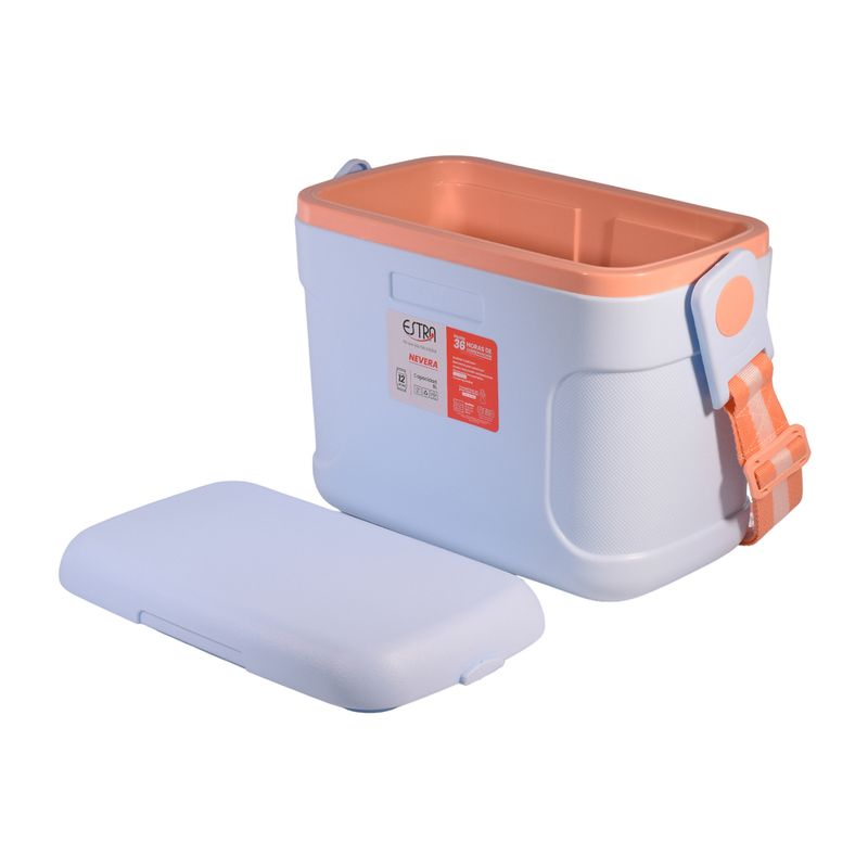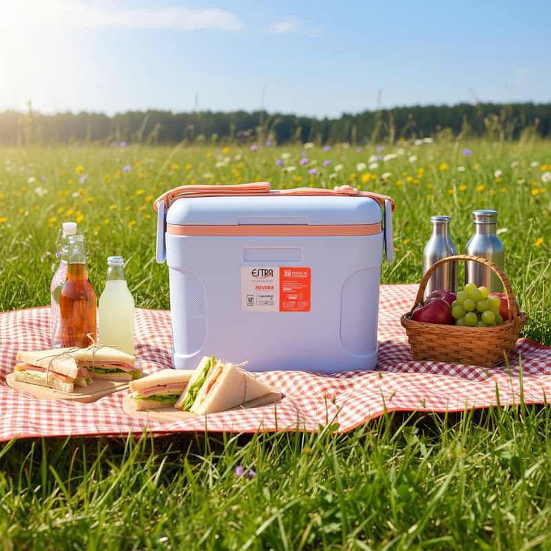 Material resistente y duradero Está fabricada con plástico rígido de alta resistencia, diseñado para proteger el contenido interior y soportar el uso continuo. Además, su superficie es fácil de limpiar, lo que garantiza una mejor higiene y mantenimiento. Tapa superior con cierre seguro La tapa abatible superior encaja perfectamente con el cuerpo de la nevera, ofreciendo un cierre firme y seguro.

★ ★ ★

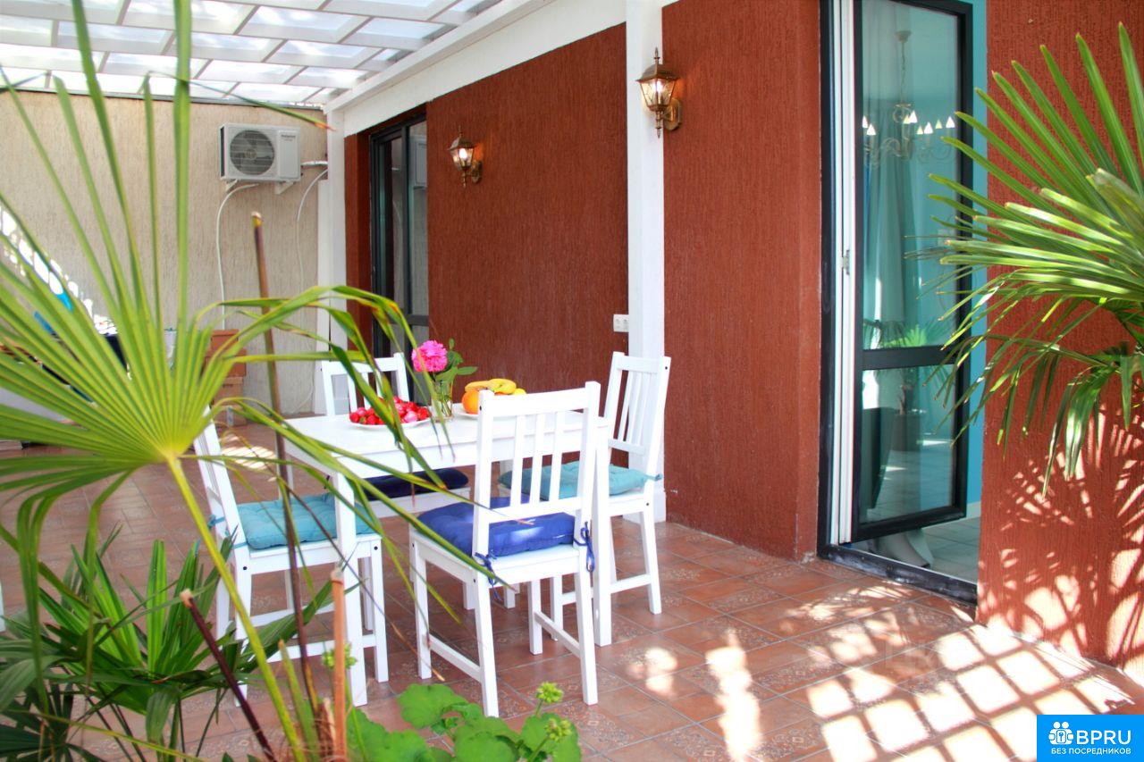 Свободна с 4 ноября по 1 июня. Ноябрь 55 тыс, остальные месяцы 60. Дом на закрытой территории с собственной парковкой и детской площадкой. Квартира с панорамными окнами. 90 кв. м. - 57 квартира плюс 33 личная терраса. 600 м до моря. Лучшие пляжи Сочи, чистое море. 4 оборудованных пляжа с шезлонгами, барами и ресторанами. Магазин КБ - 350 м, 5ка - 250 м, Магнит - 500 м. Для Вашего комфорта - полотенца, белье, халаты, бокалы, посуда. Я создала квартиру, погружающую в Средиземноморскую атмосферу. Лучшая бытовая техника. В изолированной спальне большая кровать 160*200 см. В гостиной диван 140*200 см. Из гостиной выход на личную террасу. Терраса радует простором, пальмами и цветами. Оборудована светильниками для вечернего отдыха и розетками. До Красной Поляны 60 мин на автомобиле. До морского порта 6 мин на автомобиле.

★ ★ ★

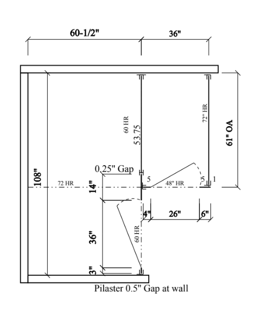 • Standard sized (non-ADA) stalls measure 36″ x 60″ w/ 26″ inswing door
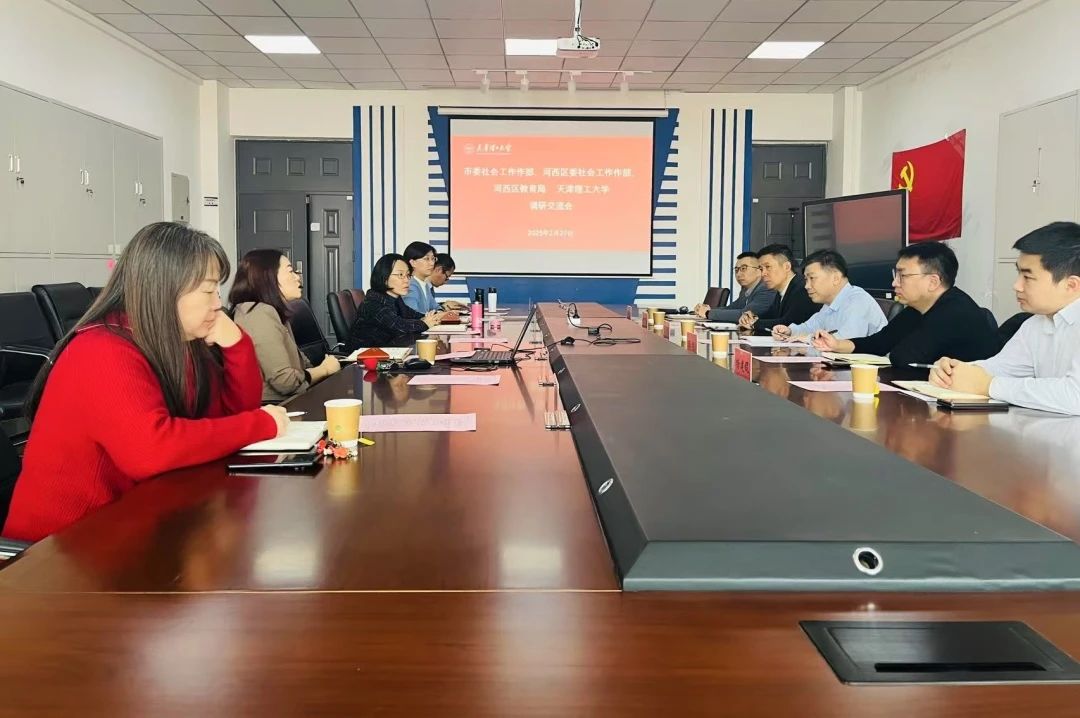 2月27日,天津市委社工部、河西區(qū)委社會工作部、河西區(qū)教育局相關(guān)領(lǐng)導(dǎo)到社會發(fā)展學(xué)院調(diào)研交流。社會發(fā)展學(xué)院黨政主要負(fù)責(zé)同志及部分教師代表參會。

★ ★ ★

### How to complete this task
From the records above, return exactly the lines running from the one that contains "26″ inswing door" down to the one that contains "2月27日,天津市委社工部、", both included, without any pictures.

### Solution for this task
 • Standard sized (non-ADA) stalls measure 36″ x 60″ w/ 26″ inswing door
 2月27日,天津市委社工部、河西區(qū)委社會工作部、河西區(qū)教育局相關(guān)領(lǐng)導(dǎo)到社會發(fā)展學(xué)院調(diào)研交流。社會發(fā)展學(xué)院黨政主要負(fù)責(zé)同志及部分教師代表參會。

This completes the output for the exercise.